核糖体DNA (ribosomal DNAs, rDNA)是有重要功能并高度重复的序列基因,成簇分布于细胞内一对或多对染色体上。目前,rDNA已在重要的大型和中型染色体的模式作物和
经济
作物中进行了广泛的荧光物理核型定位,为这些物种的染色体形态结构的辨认,基因组片段的精密解析,细胞遗传学图谱的构建,以及近缘和远缘物种不同程度的进化关系的研究提供了直接、有效的信息。

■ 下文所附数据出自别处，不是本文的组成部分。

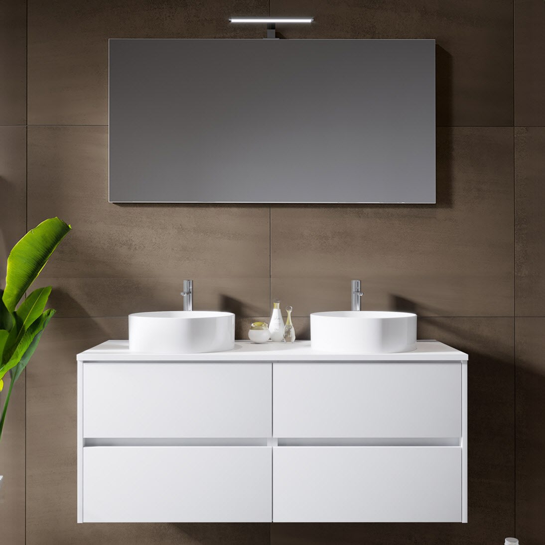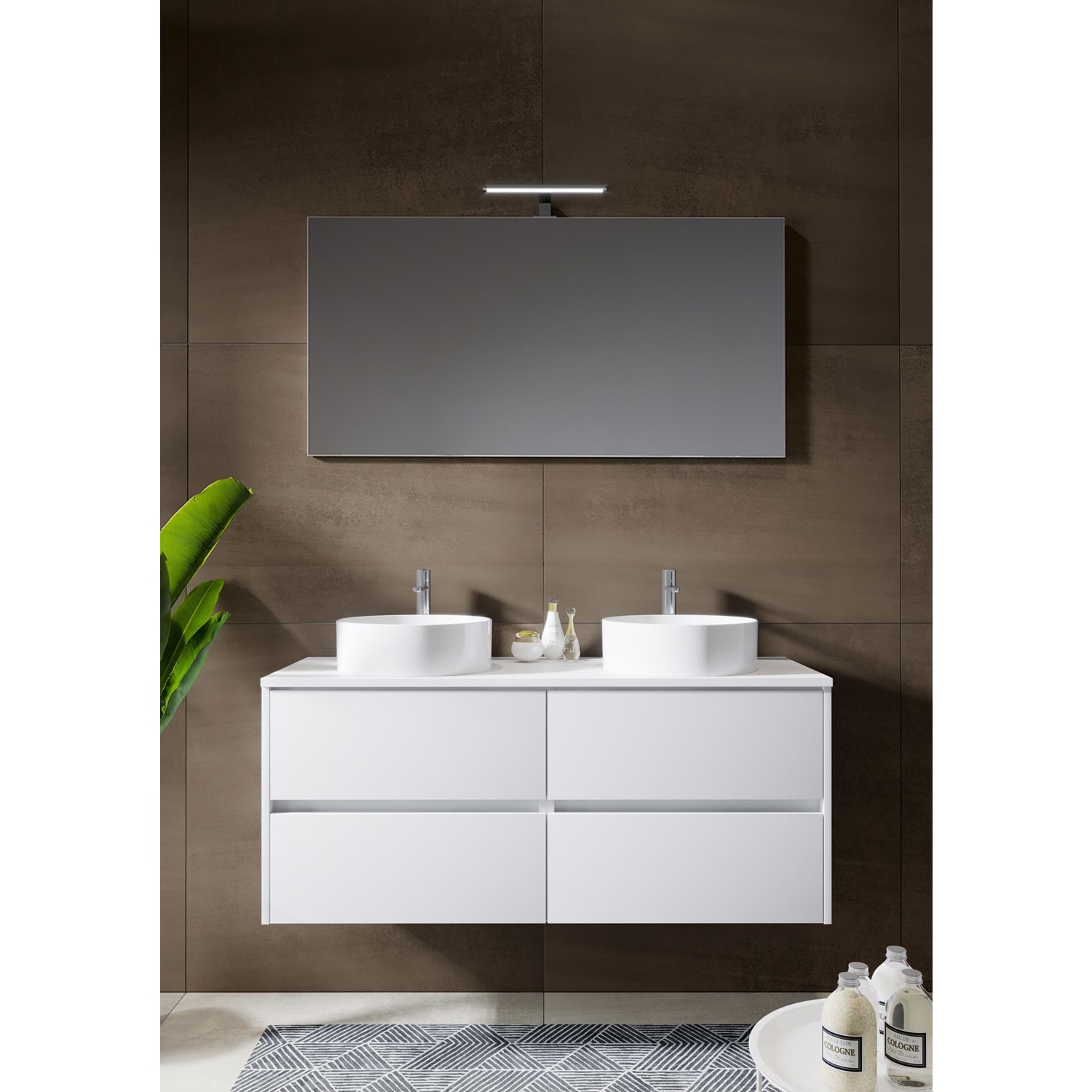 Riho Porto Bowls Badmöbel-Set mit Unterschrank mit 4 Schubladen, Waschtisch und Spiegel, 120 cm

BAC克隆探针[5]与荧光原位杂交技术[3.10]的结合能够将目的基因组DNA片段杂交在物种染色体上,确定带有标记物的探针在染色体上的物理定位,形成稳定有效的可识别辨认的染色体标记,从而探究番茄近缘种之间的遗传学进化问题。本试验中,我们首次将45S和5SrDNA[9]在番茄属的中期染色体上进行了荧光定位,进一步建立了带有45S和5SrDNA标记的BAC-FISH[3]核型物理遗传图谱,进行物理定位的核型[19]排布、染色体大小比较分析,比较rDNA基因在番茄属(野生番茄与栽培番茄、栽培番茄与栽培番茄)基因组中的分布及属间差异,为番茄的染色体识别提供了有效及明确的识别标记,也为研究茄科物种分化过程中染色体的形态变化、基因片段的进化趋势积累了分子细胞遗传学的资料。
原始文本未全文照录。